Welcome to my Fractal
This blog is devoted to my thesis, which as of today, I have titled the "Kaleidoscopic Fractal of Mortality Design."
To those of you who do not know me, I am a graduate student at the Pratt Institute of Art working on my MS in Communication Design, have one final semester before I enter the "real world," and am currently writing my thesis, which will be adapted and applied into a super-fantastic project next semester. On a relevant note, theses will be on display next December at the Pratt Manhattan survey and next May at the Pratt Show. Look for me, I would love the opportunity for us to be formally introduced.

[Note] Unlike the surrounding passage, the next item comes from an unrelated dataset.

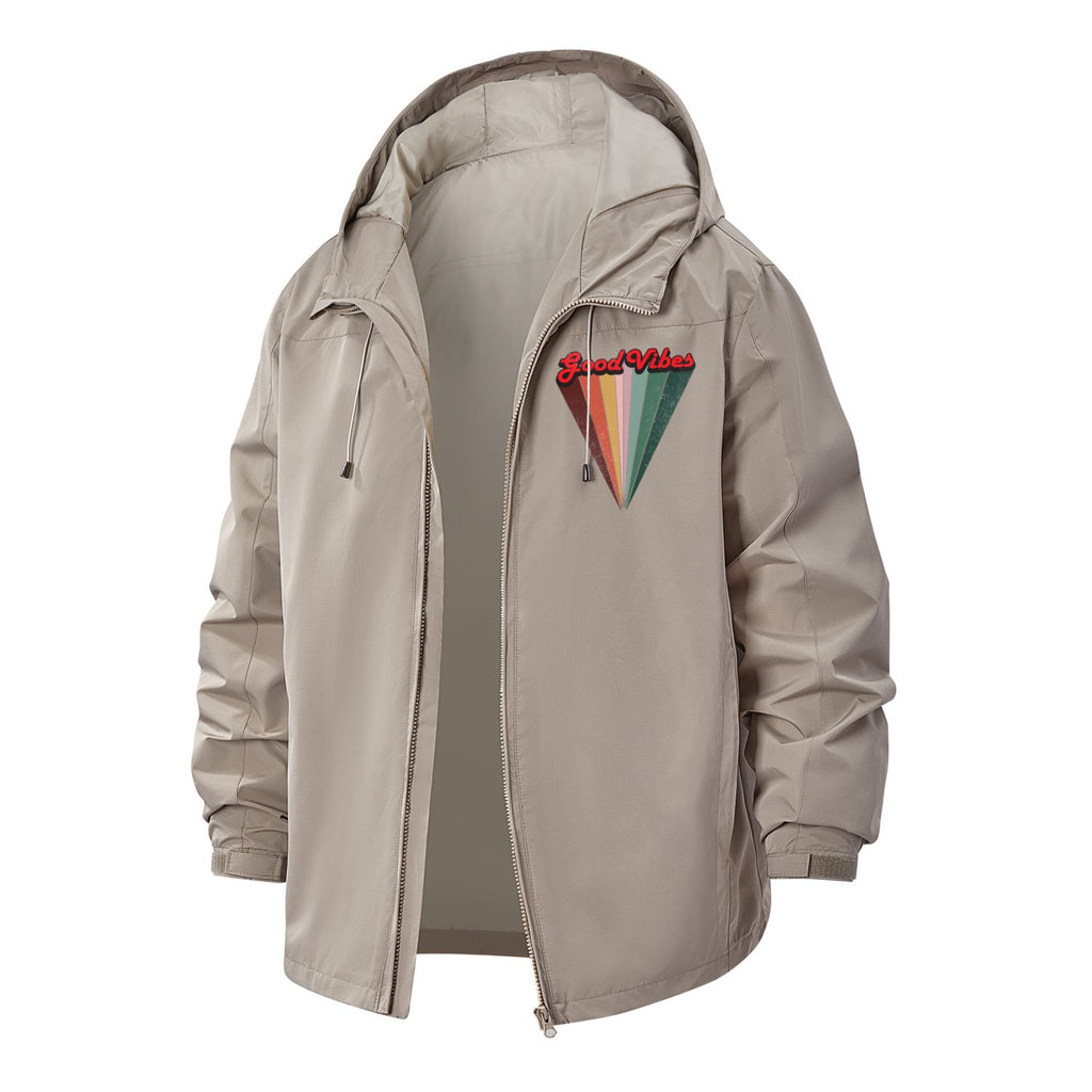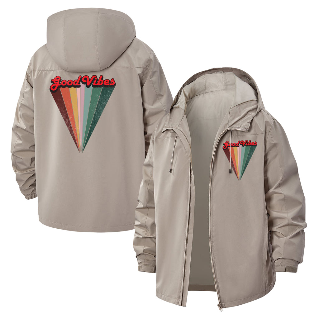 Good Vibes Retro Graphic Unisex Full-Zip Printed Waterproof Hooded Windbreaker

That said, this blog will serve to log all of the needed information and discoveries that come about this summer as I am writing. Also to organize my gillions of thoughts and piles of information regarding my topic - mortality design.
So let us begin at the beginning, for blog / day 1. "Kaleidoscopic Fractal" I recently discovered online and was very intrigued by the idea. I am rather fond of Kaleidoscopes, I like the way they distort the world around us, and seem to be ever changing, and alter each shape and viewpoint differently depending on the lighting. A "Kaleidoscopic Fractal" is officially, according to reference.com, "a design form consisting of a series of everchanging shapes and colors sensitive to their initial conditions and grown in a non-linear fashion." The phrase was coined by the artist Willow Hemphill in 1996.
I feel that Mortality Design, which is what I am calling my topic, and the "Kaleidoscopic Fractal" inter-relate because all of design is affected by time (mortality, death, aging, decomposition, etc), and is ever-changing, evolving, creation to destruction, etc. Therefore, the idea of a "Kaleidoscopic Fractal" is an interesting way to view the mortality of design because design (which can be referenced to life is general) is affected by the designer's start / background / past, and in effect is altered by everything it comes into contact with along the way. (IE "sensitive to [its] initial conditions") Great design is never linear, passes through many different changing stages, and if truly revolutionary, can be adapted to and evolve for the future.
And so there it is. I am considering adapting this into my portfolio / website / self-promotional materials / and thesis.
"The Kaleidoscopic Fractal of Amarides."